## Instructions to follow
Repeat verbatim what the listing holds, but not its pictures.

## Material provided
<<<<

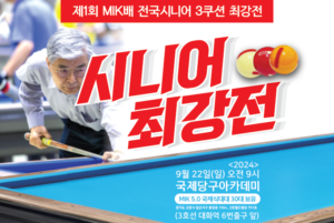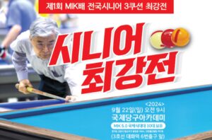 [9월 22일] 50세 이상(1974년생) 시니어 3쿠션대회 열린다…MIK배 제1회 전국 시니어3쿠션 최강전.. 일산 국제당구아카데미에서 열려 2024/ 08/ 11 댓글 없음 Read More »
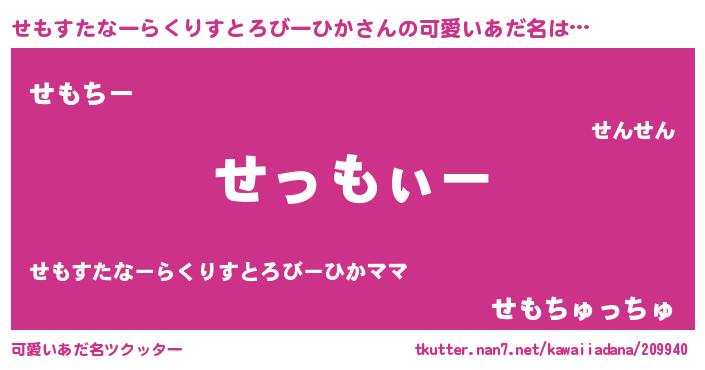 | 意味不明あだ名 | 『とにかく怪しいせもすたなーらくりすとろびーひか』 |
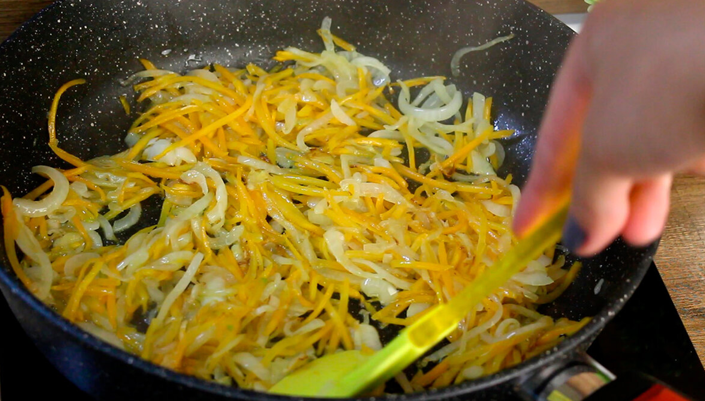Моркву натерти на тертці для корейської моркви. Цибулю нарізати тонкими півкільцями.

>>>>

## Solution to the exercise
 [9월 22일] 50세 이상(1974년생) 시니어 3쿠션대회 열린다…MIK배 제1회 전국 시니어3쿠션 최강전.. 일산 국제당구아카데미에서 열려 2024/ 08/ 11 댓글 없음 Read More »
 | 意味不明あだ名 | 『とにかく怪しいせもすたなーらくりすとろびーひか』 |
Моркву натерти на тертці для корейської моркви. Цибулю нарізати тонкими півкільцями.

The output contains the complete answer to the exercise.